Center for the Arts Concert Hall, George Mason University, Fairfax

Located on the main campus of George Mason University in Fairfax, the Center for the Arts Concert Hall is adaptable for uses that include conferences as well as symphonic, operatic and theatrical performances.

The nearly 2,000-seat venue features an expansive lobby available for receptions as well as a second-floor balcony area holding up to 125 for a seated meal. The facility also includes the 460-seat Harris Theater, a space conducive for speaking events as well as musical recitals.

Angelika Film Center & Cafe at Mosaic, Fairfax

This cinema theater complex in Fairfax’s hip Mosaic district offers eight auditoriums equipped with plush stadium seating, high-definition projectors, Dolby sound, customizable lighting, computer networking and projection, lecture podiums, set-ups for panel discussions and other amenities.

Along with traditional movie snacks, groups can enjoy global fusion cuisine created by chef Lee Anne Wong, a frequent competitor on the Top Chef  TV series, in the theaters or the on-site cafe.

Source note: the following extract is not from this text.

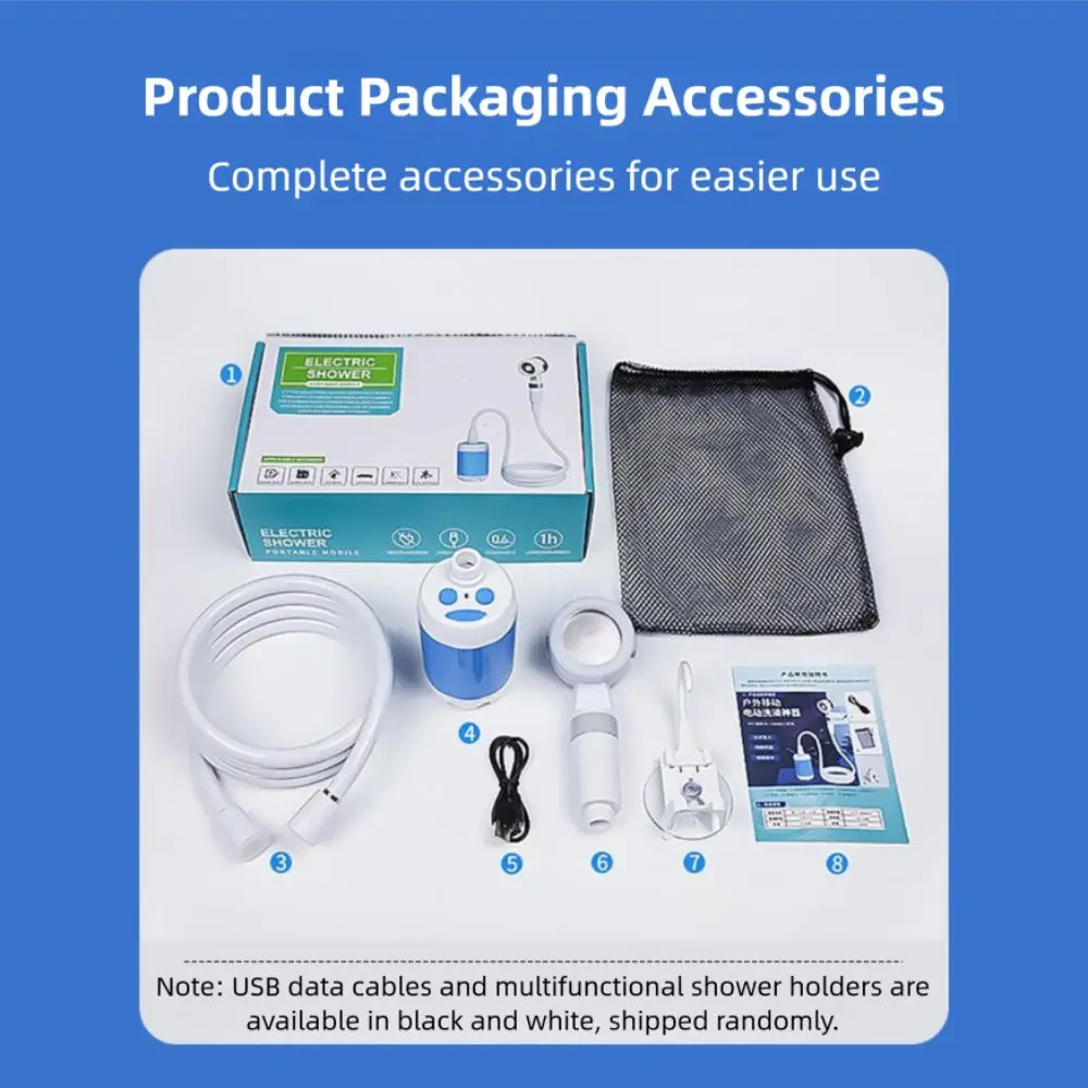 - Rechargeable Water Pump: Equipped with a powerful rechargeable pump, it provides a steady water flow, allowing for a comfortable shower experience without the need for a constant water source.

Riverside Center for the Performing Arts, Fredericksburg

A popular dinner theater venue, Riverside Center presents Broadway-style productions preceded by a three-course plated meal served by wait staff. The 400-seat theater offers group ticket discounts and has scheduled evening performances on Thursday through Saturday and matinee performances on Wednesday and Sunday. Along with two function rooms accommodating up to 150 guests, Riverside can host large functions, including tradeshows, banquets for up to 675 people and meetings requiring videoconferencing support.

Tally Ho Theatre, Leesburg

A landmark Art Deco former movie palace that opened in downtown Leesburg in 1932, Tally Ho Theatre was recently converted into a venue for live music, theater and event rentals. The facility accommodates up to 350 for a seated dinner and up to 600 for cocktails, and offers the ability to record events. Catering is provided by its affiliated restaurant Tally Ho Taco.

Franklin Parks Arts Center, Purcellville

This timber-framed venue in Purcellville’s Franklin Park presents concerts and theatrical productions. The auditorium provides stadium seating for 263 people and there is also a 2,500-square-foot art gallery/lobby available for receptions.